Exercise description: Only those lines in the data below from the line containing "読書月間を盛り上げるために、図書委員の児童が大活躍しています!" through the line containing "Пневматическая винтовка Krugergun", both included, should be restated word for word.

Entries shown:
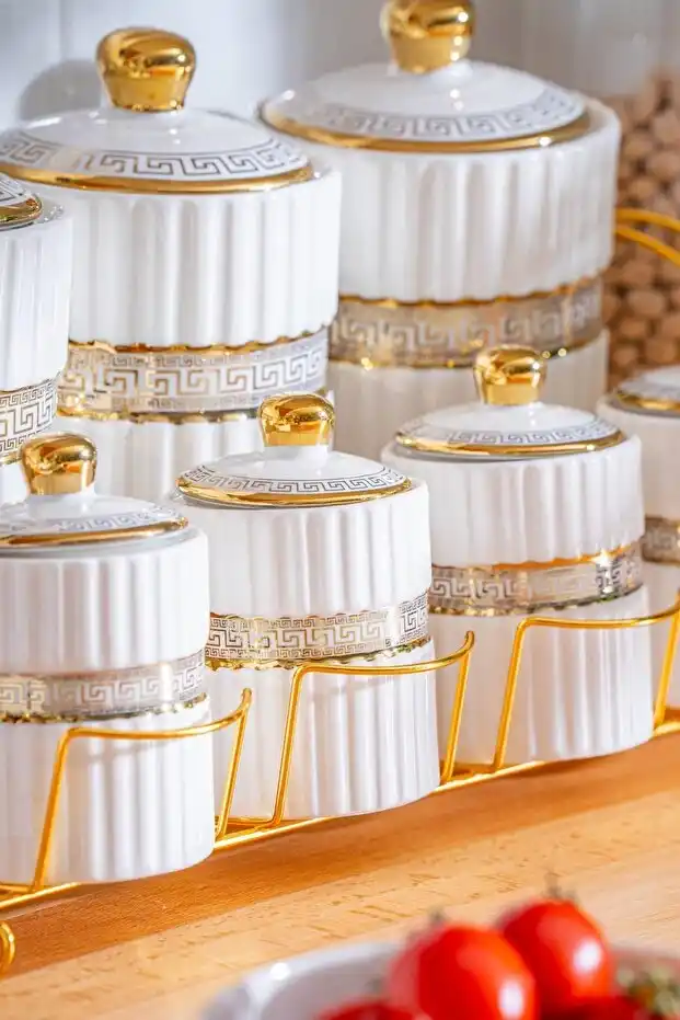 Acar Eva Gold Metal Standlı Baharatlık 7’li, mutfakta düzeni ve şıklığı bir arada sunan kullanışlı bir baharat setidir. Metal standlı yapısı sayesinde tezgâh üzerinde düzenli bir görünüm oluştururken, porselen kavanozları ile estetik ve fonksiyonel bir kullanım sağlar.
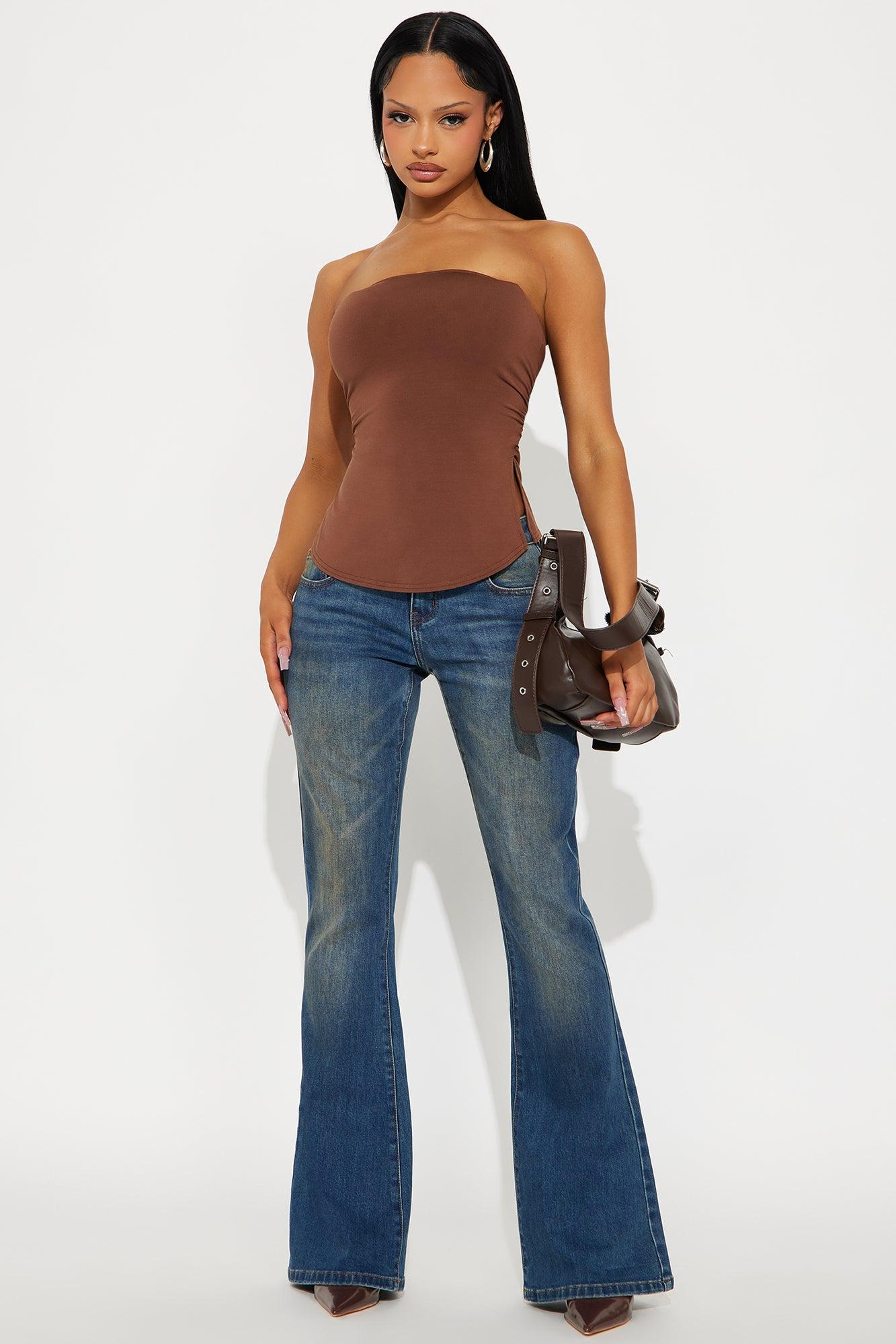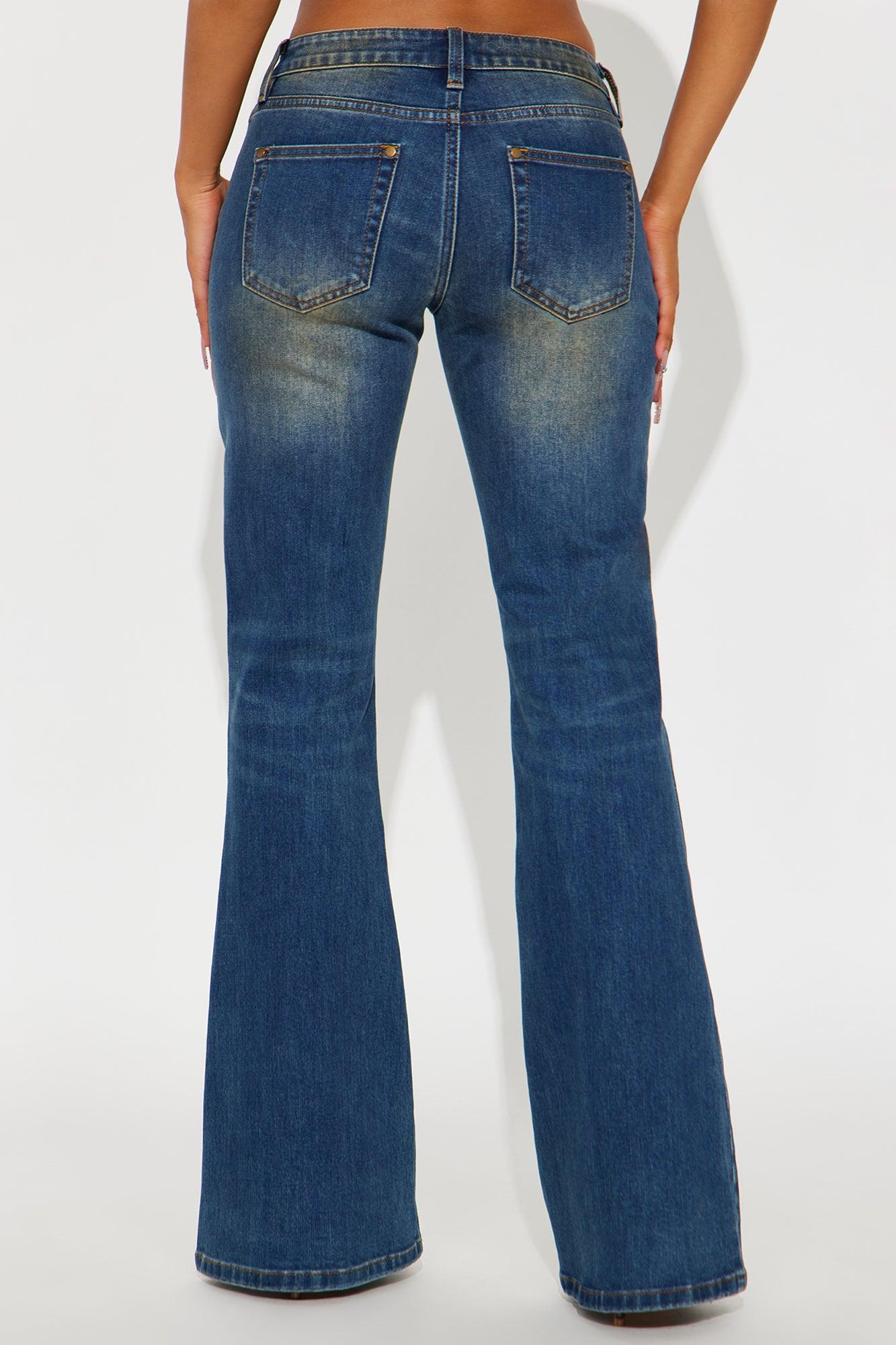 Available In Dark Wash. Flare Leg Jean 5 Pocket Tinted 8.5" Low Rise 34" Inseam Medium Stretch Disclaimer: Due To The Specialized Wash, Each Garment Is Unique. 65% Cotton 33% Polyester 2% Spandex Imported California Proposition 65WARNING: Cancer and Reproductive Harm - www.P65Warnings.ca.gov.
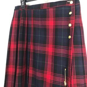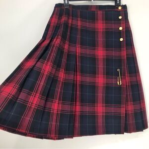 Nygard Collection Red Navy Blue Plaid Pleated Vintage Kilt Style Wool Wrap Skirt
==
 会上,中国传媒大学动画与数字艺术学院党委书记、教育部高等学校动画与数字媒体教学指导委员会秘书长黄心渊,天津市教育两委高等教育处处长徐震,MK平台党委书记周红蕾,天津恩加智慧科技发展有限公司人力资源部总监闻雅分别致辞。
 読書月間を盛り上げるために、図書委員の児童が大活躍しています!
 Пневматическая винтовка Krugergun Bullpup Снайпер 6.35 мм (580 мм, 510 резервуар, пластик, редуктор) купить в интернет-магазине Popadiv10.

Answer to this exercise:
 読書月間を盛り上げるために、図書委員の児童が大活躍しています!
 Пневматическая винтовка Krugergun Bullpup Снайпер 6.35 мм (580 мм, 510 резервуар, пластик, редуктор) купить в интернет-магазине Popadiv10.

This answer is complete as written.